Focusing on an imaginary standard of greatness—and how we fall short—doesn’t enable learning. In fact, it shuts it right down. Learning happens when we see how we might do something better, not when our errors are pointed out to us. I can tell a student a hundred times to not dab, but it isn’t until I pick up his brush and show him how to make a proper mark that he will understand what “not dabbing” means. And it won’t be until he has made great marks—uniquely, idiosyncratically his own, with power and confidence—that he will have mastered mark-making.
My backyard, by Carol L. Douglas

Positive reaction, done right, is harder than negative criticism.
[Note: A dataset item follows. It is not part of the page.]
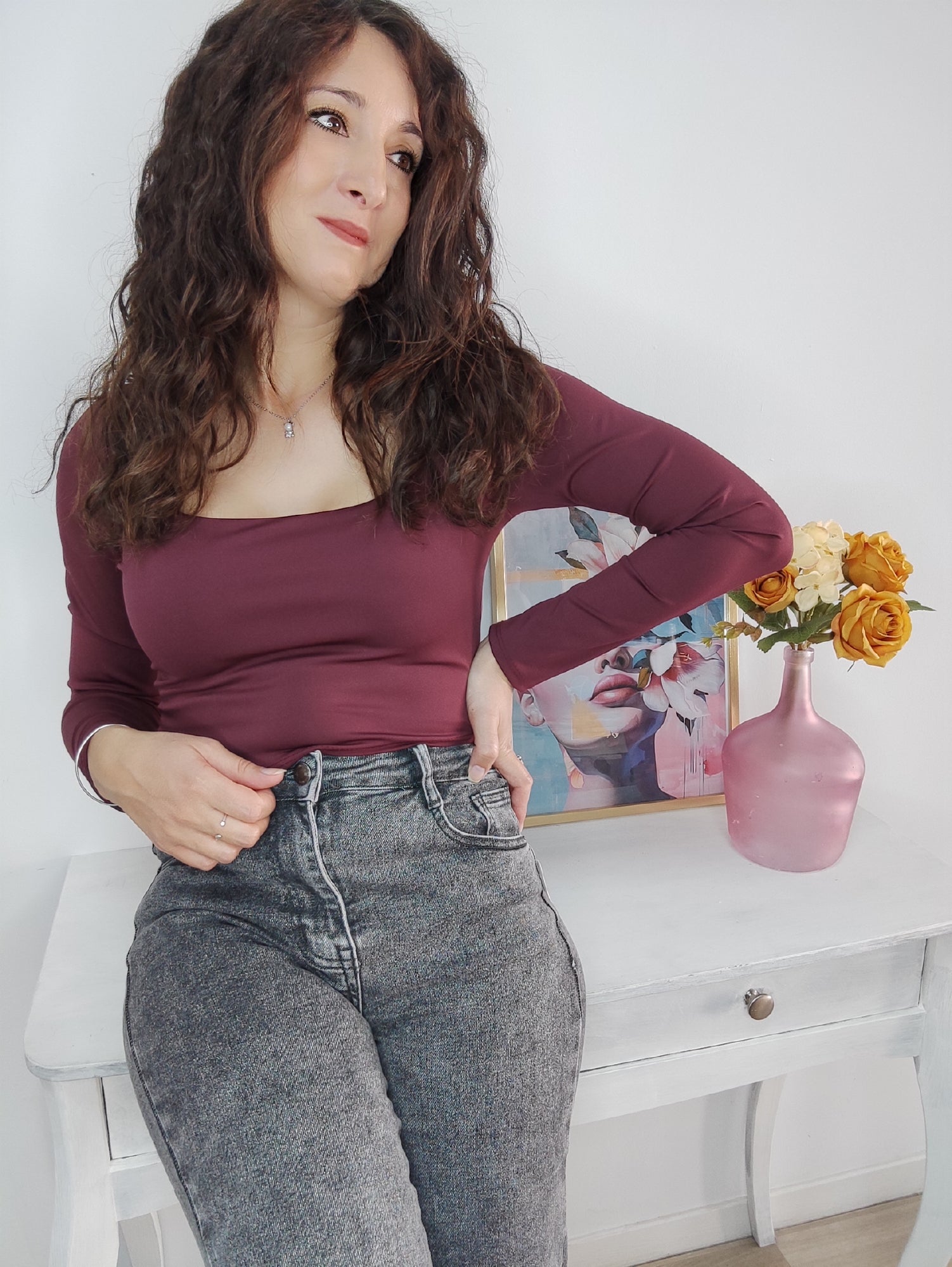Top de licra suave en manga larga. Es de color burdeos el color de tendencia de Otoño 2025.

You need to catch a person doing something right before you can comment. That means constant vigilance and a rock-solid understanding of process. It requires being able to differentiate between idiosyncrasy, style, and the real technical issues that can cause a painting to fail. Above all, it requires confidence. Nobody is supportive from a position of weakness.
We live in a corrosive culture, and it affects all our interactions. But one thing we can do is ditch the unnecessary feedback in the studio. If you’re ever wondering whether a ‘bit of advice’ to another painter is a good idea, just don’t.